Merge pull request #126 from snexus/feature/update

snexus · web-flow · commit 593e6f014b55 · 2024-12-08T15:29:33.000+08:00
Add support for OpenAI embeddings. Bump all dependencies.
diff --git a/README.md b/README.md
@@ -8,30 +8,36 @@ The purpose of this package is to offer a convenient question-answering (RAG) sy
 
 ## Features
 
-* Supported formats
+* Supported document formats
     * Build-in parsers:
         * `.md` - Divides files based on logical components such as headings, subheadings, and code blocks. Supports additional features like cleaning image links, adding custom metadata, and more.
         * `.pdf` - MuPDF-based parser.
         * `.docx` - custom parser, supports nested tables.
     * Other common formats are supported by `Unstructured` pre-processor:
         * List of formats see [here](https://unstructured-io.github.io/unstructured/core/partition.html).
 
-* Support for table parsing via open-source gmft (https://github.com/conjuncts/gmft) or Azure Document Intelligence.
-
-* Optional support for image parsing using Gemini API.
-
-* Supports multiple collection of documents, and filtering the results by a collection.
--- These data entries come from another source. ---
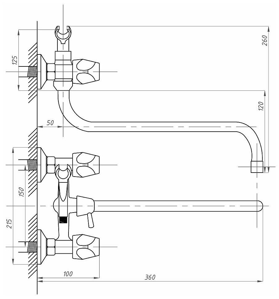 Смеситель на раковину настенный Эверест B46-350 с круглым поворотным изливом, кран-буксы 1/2", хром
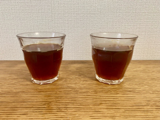 比較が必要だと思ったので、普通の水道水とアルカリイオンの水の両方で、浅煎りのコーヒーを淹れてみました。
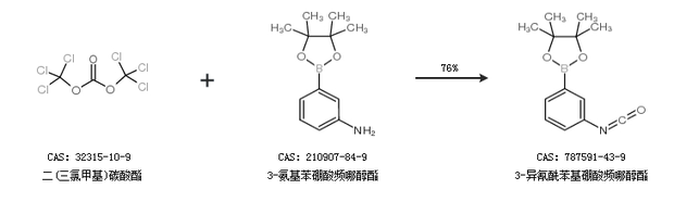 1.通过二(三氯甲基)碳酸酯和3-氨基苯硼酸频哪醇酯合成3-异氰酰苯基硼酸频哪醇酯,收率约76%;
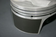 4032系の特殊素材を使い、熱膨張を抑え、ピストンクリアランスを鍛造ピストンとしては狭めることを可能としています。
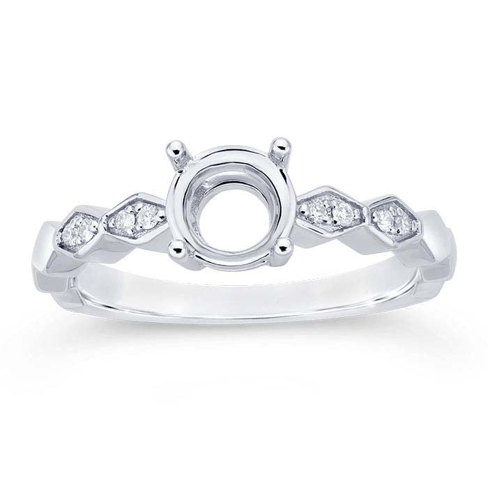 This 14-karat white gold ring features a 4-prong mounting that holds one 6.5mm (1-ct., approx.) round faceted gemstone. The shank is set with eight 0.0067-ct. round diamonds (SI clarity/G, H color; 0.0536CTTW), four on each side of the mounting. Cut a seat in the prongs to accommodate your stone, then burnish the prongs over the stone to secure it in place.A classic choice, the 4-prong mounting supports the gemstone on four sides.
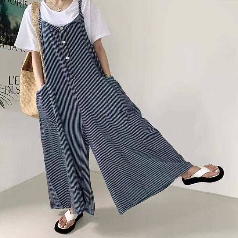 【夏 新作】カジュアル ノースリーブ ストライプ柄 9分丈 ハイウエスト コンビネゾン
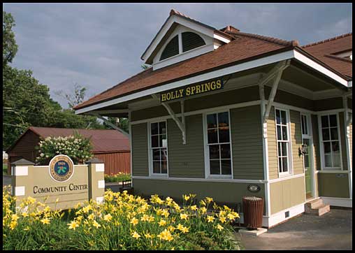 The 1914 Holly Springs depot served as City Hall for a time after L&N vacated it. Rehabbed in 1999 as the town's community center, the building continues to be a gathering place. The tracks are still active, serving trains of the shortline Georgia Northeastern Railroad.
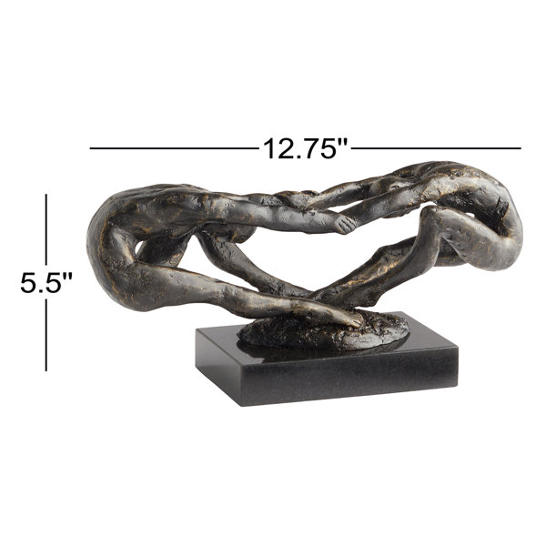 In the spirit of never giving up, the Adherence sculpture is an inventive rendering of two human figures counterbalancing their weight while firmly gripping each other. The pair is sand cast from iron with an old-world finish and fixed to a granite base. Place alone on an accent table or upon a bookcase shelf to add an artistic touch.

+* Allows interaction with embedded documents, internally supporting the following models and methods (including locally hosted):
+    * OpenAI models (ChatGPT 3.5/4 and Azure OpenAI).
+    * HuggingFace models.
+    * Llama cpp supported models - for full list see [here](https://github.com/ggerganov/llama.cpp#description).
 
-* An ability to update the embeddings incrementally, without a need to re-index the entire document base.
+* Interoperability with LiteLLM + Ollama via OpenAI API, supporting hundreds of different models (see [Model configuration for LiteLLM](sample_templates/llm/litellm.yaml))
 
 * Generates dense embeddings from a folder of documents and stores them in a vector database ([ChromaDB](https://github.com/chroma-core/chroma)).
   * The following embedding models are supported:
     * Hugging Face embeddings.
     * Sentence-transformers-based models, e.g., `multilingual-e5-base`.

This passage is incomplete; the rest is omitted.